▽

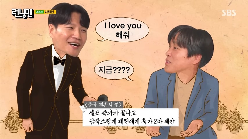 車太鉉在節目中透露,原本婚禮上的祝歌由金鍾國親自與樂隊演唱〈討人喜愛〉,沒想到唱完後,新郎又臨時指定,請他加唱〈I Love You〉,讓他意外成了祝歌歌手。他還笑說,婚禮上遇見金鍾國的母親,連說三次「恭喜您」,對方卻僅冷淡回應「啊、是…」或「啊、好啊」,讓他一度懷疑自己平常散播太多謠言,惹得長輩記恨,引發爆笑。
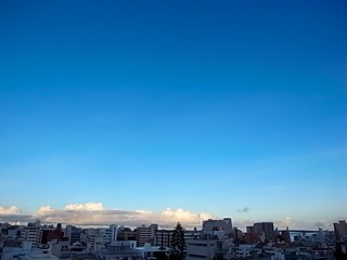 南国の真夏の夜明けでございます。青空が澄んでいます。
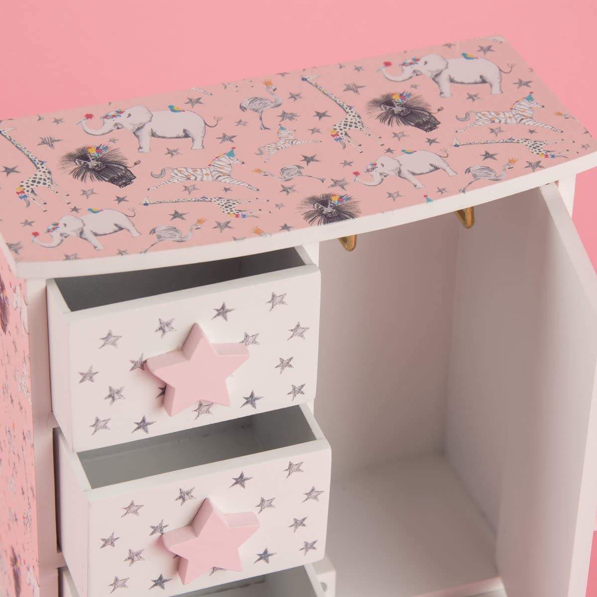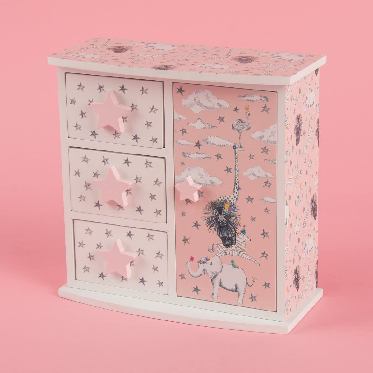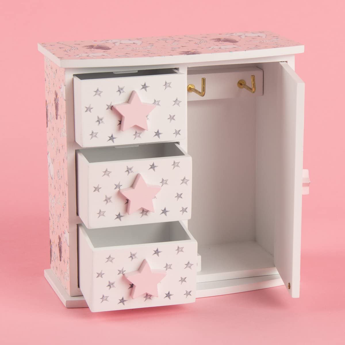 Caja de madera con bonito diseño que quedará genial en un dormitorio de niñas y es perfecta para almacenar tesoros, un artículo imprescindible para decorar tu espacio.
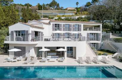 Расположенная в престижном районе Канн, эта недавно и безупречно отреставрированная вилла занимает доминирующее положение и предлагает захватывающие панорамные виды на море и побережье Лазурного берега.
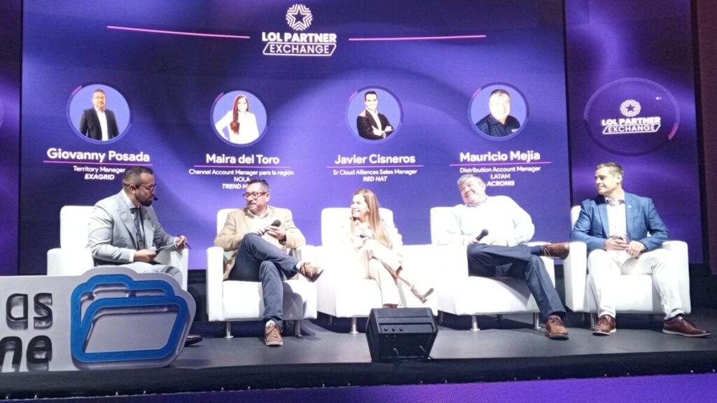 El segundo panel estuvo integrado por Giovanny Posada de Exagrid, Maira del Toro de Trend Micro, Javier Cisneros de Red Hat y Mauricio Mejía de Acronis.

△

■ **THE TASK**
Write out exactly the lines between the start of the data and the line with "Caja de madera", including both, but none of the pictures.

■ **SOLVED EXERCISE**
 車太鉉在節目中透露,原本婚禮上的祝歌由金鍾國親自與樂隊演唱〈討人喜愛〉,沒想到唱完後,新郎又臨時指定,請他加唱〈I Love You〉,讓他意外成了祝歌歌手。他還笑說,婚禮上遇見金鍾國的母親,連說三次「恭喜您」,對方卻僅冷淡回應「啊、是…」或「啊、好啊」,讓他一度懷疑自己平常散播太多謠言,惹得長輩記恨,引發爆笑。
 南国の真夏の夜明けでございます。青空が澄んでいます。
 Caja de madera con bonito diseño que quedará genial en un dormitorio de niñas y es perfecta para almacenar tesoros, un artículo imprescindible para decorar tu espacio.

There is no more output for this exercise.